My name is Jay, and I am a writer.  I have written about climate change and the living world for decades.  I have also spent a lot of time in Indigenous communities. They are likely to be severely affected by the climate crisis. I have been writer in residence at the Potsdam Institute for Climate Impact Research and worked with the organisation Tipping Point to communicate the severity and urgency of the climate crisis to the wider public.

Nothing I or any of us has done has had anything like the necessary effect, nothing in proportion to the horror that is to come and, indeed, is already happening for many people in developing countries. No amount of careful peer-reviewed scientific study has appropriately alerted the public, largely because the two avenues through which this information should have been spread — the government and the media — have signally failed in their duty to sufficiently inform the public and at times the media has actively misinformed the public.
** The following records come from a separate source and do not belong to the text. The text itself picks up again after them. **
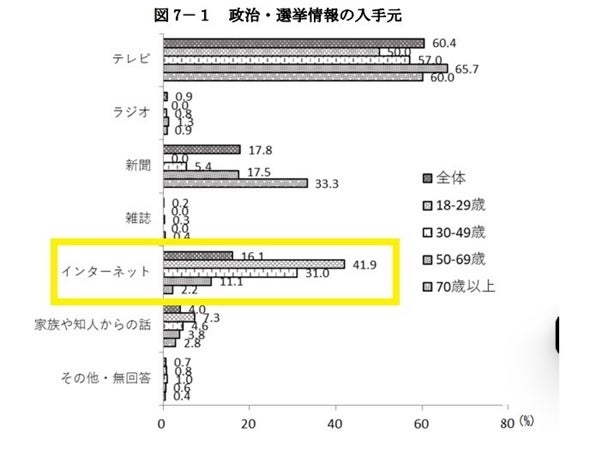 日本では投票率が年々低下傾向にあり、直近の国政選挙だった2022年参議院議員選挙では約52.1%でした。特に30代以下の若年層の投票率は他世代よりも低水準です。一方で、日本で2013年4月に「ネット選挙」が解禁されて以来、投票先を選ぶための情報源としてインターネットを利用する割合は増加傾向にあります。明るい選挙推進協会の最新調査によると、18~29歳では約42%がネットを活用しており、テレビ、新聞に次ぐ主要な媒体になりつつあります。
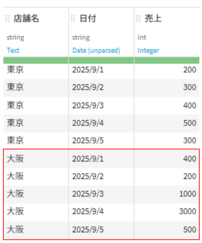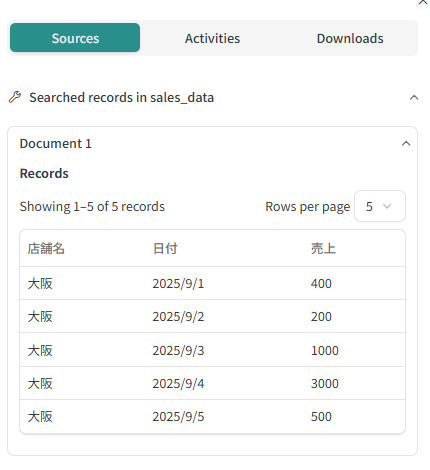 各店舗の日別の売上データを検索するエージェントに大阪店の売上を聞いた際の回答は以下のようになります。
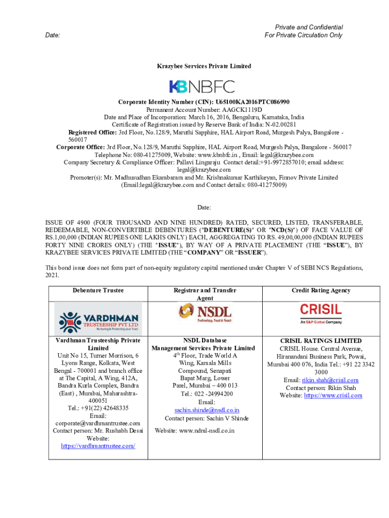 Private and Confidential For Private Circulation OnlyDate:Krazybee Services Private LimitedCorporate Identity Number (CIN): U65100KA2016PTC086990 Permanent Account Number: AAGCK1119D Date and Place
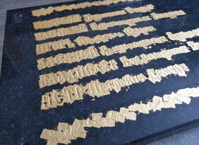 Саму гравировку мы выполнили при помощи пескоструйного аппарата и сразу же принялись за покрытие текста сусальным золотом. Начали с орнамента, так как работать с элементами декора проще, чем с печатным текстом.
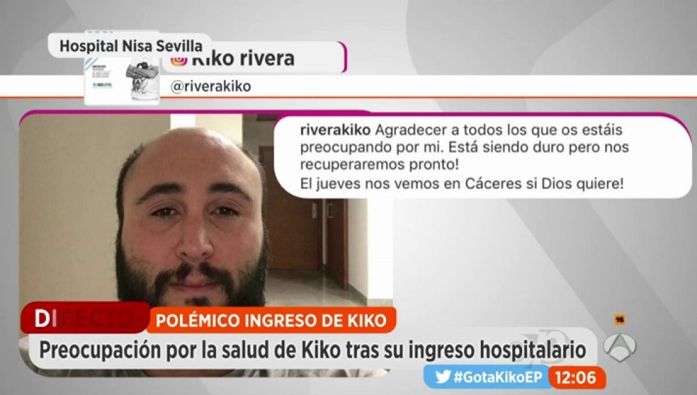 Lo que en principio parecía una visita rutinaria al hospital para unos análisis se ha convertido en un ingreso de tres días por un ataque de gota por el que le han tenido que sacar líquido de la rodilla. Así lo ha retransmitido Kiko Rivera a través de sus redes sociales donde ha informado de las visitas que ha recibido en el centro médico.
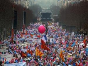 A controversa legislação que permitirá o casamento `gay` e a adoção de crianças por casais do mesmo sexo foi aprovada recentemente pelo parlamento francês e será examinada e submetida a aprovação do senado em abril, pelo que os ativistas consideram esta a última possibilidade de se manifestarem contra a referida lei.
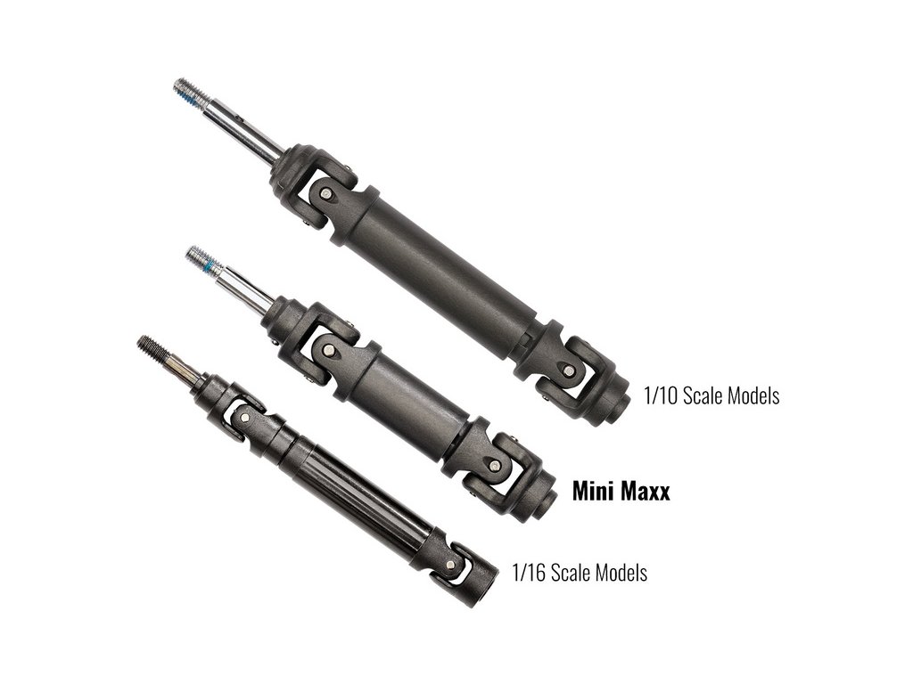 Hnací hřídele použité v RC modelu auta Mini Maxx jsou o 50% větší než standardní na modelech 1.16. Kardanové klouby i teleskopická těla jsou zesílena pro rychlé starty a ostré brzdění a to dokonce i při případnému upgradu na pohon VXL3-S
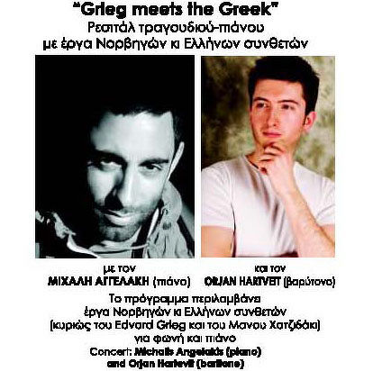 Ρεσιτάλ τραγουδιού - πιάνου με τον ΜΙΧΑΛΗ ΑΓΓΕΛΑΚΗ (πιάνο) και τον ORJAN HARTVEIT (βαρύτονο) την Τρίτη 15 Σεπτεμβρίου στις 21:00 στη «Βασιλική Αγ.Μάρκου». Είσοδος ελεύθερη.

When I heard about XR, I felt that this is exactly the kind of movement that was necessary: a movement absolutely committed to peaceful direct action in order to make the media and the government ‘Tell The Truth’ about the situation we are in.  That is why I was particularly happy to be by the Pink Boat, within sight and sound of the BBC with Tell The Truth stencilled on it.
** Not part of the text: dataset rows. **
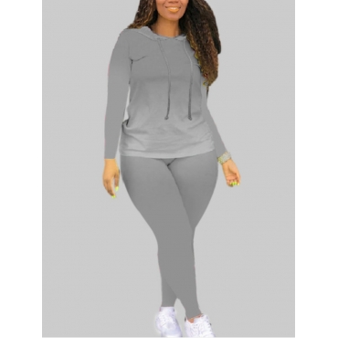 Lovely Trendy Hooded Collar Gradient Grey Plus Size Two-piece Pants Set
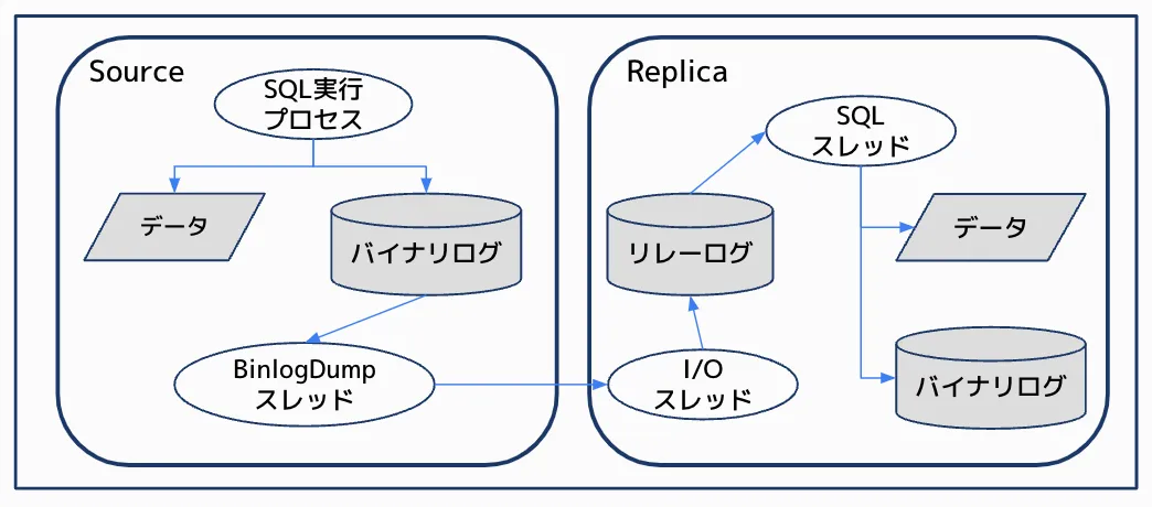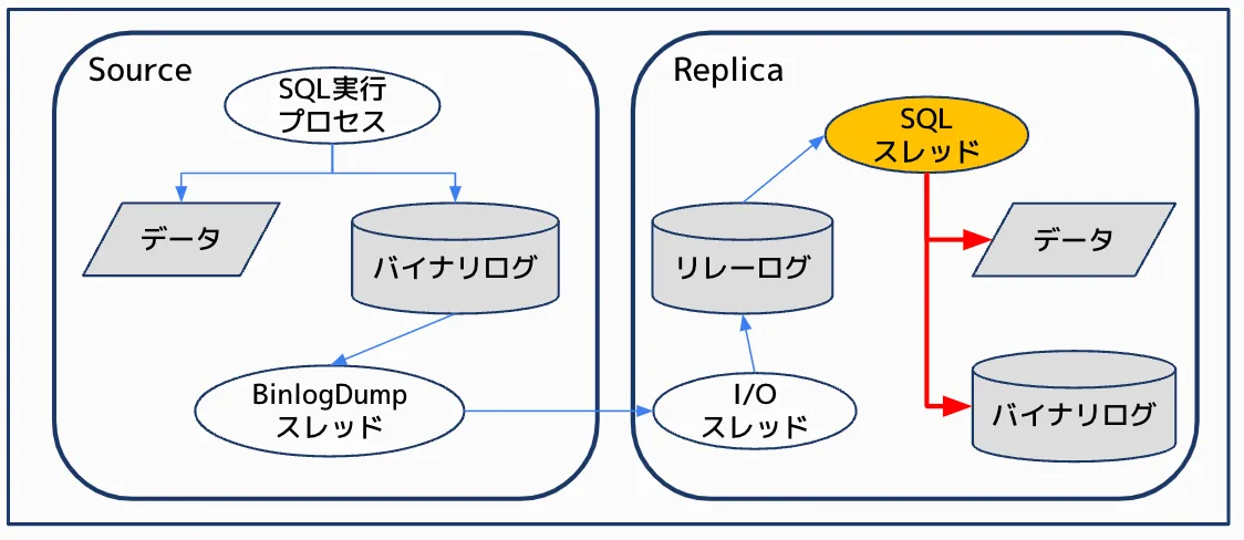 そして、レプリカDBのSQLスレッドがリレーログからバイナリログイベントを取り出し、データに対してリプレイすることでレプリケーションが実現しています。
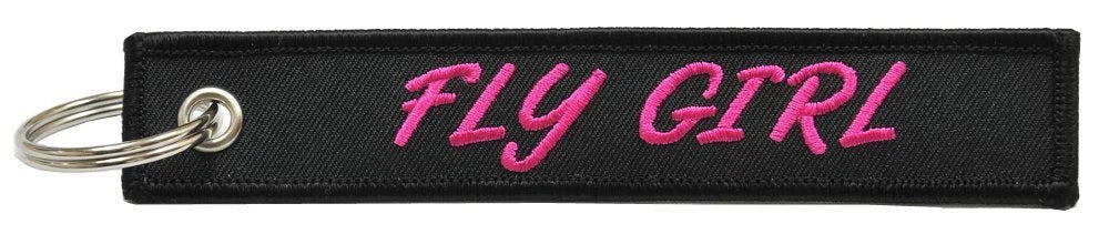 Say goodbye to passe "Remove Before Flight", or soft wimpy key chains, and hello to our own original line. Bold and contemporary, "FLY GIRL" is the latest, featuring raised embroidered lettering on both sides of a stiff, durable, merrow bordered material. Its measures 5 1 2" x 1" and includes a large steel ring for all types of keys.

By April last year I had decided to risk breaking the law, for the first time in my life.  I respect the principle of law. Indeed, one of the things I most fear about the climate crisis is the widespread and terrifying lawlessness of societal breakdown. The Crown Prosecution Service (CPS) argues that if the courts allowed a defence of necessity for acts of conscience, then the result would be (I quote) ‘anarchy’:  ‘necessity can very easily become simply a mask for anarchy’, the CPS write in their recent letter to me. If anarchy is understood to mean fraud, violence, intimidation, murder etc, then it seems there are already laws to protect people and property from any such acts now, but there will not be any such assurance in the future when the full evils of climate breakdown hit. Further, in a strictly non-violent protest, acts of ‘anarchy’ do  not take place.

My actions caused some inconvenience for which I am genuinely sorry. I acted in a wholly peaceful way to draw attention to the current deaths and the impending horror of the climate crisis.  I am a signed-up conscientious earth protector and I consider I acted out of Necessity to prevent a ‘Greater Evil’.

I understand a Section 14 can be imposed if there is danger of serious disruption to the life of the community. In my view, we were attempting to protect community in a broad sense, including those not in the immediate vicinity, including the community of the unborn. This is for the children.

The CPS says that I ‘must have known that blocking a highway could have no impact on the alleged threat. In the present case, there is no real nexus between the failure to comply with S14 … and any actual threat of death or serious injury from climate change… the only intention was to raise publicity for the campaign’.  I would argue that there certainly is a real nexus between the failure to comply with S14 and the evils of the climate crisis.  That nexus is the media.  The CPS is absolutely correct to say the intention was to raise publicity for the campaign.  This is not so much their prosecution as it is my defence.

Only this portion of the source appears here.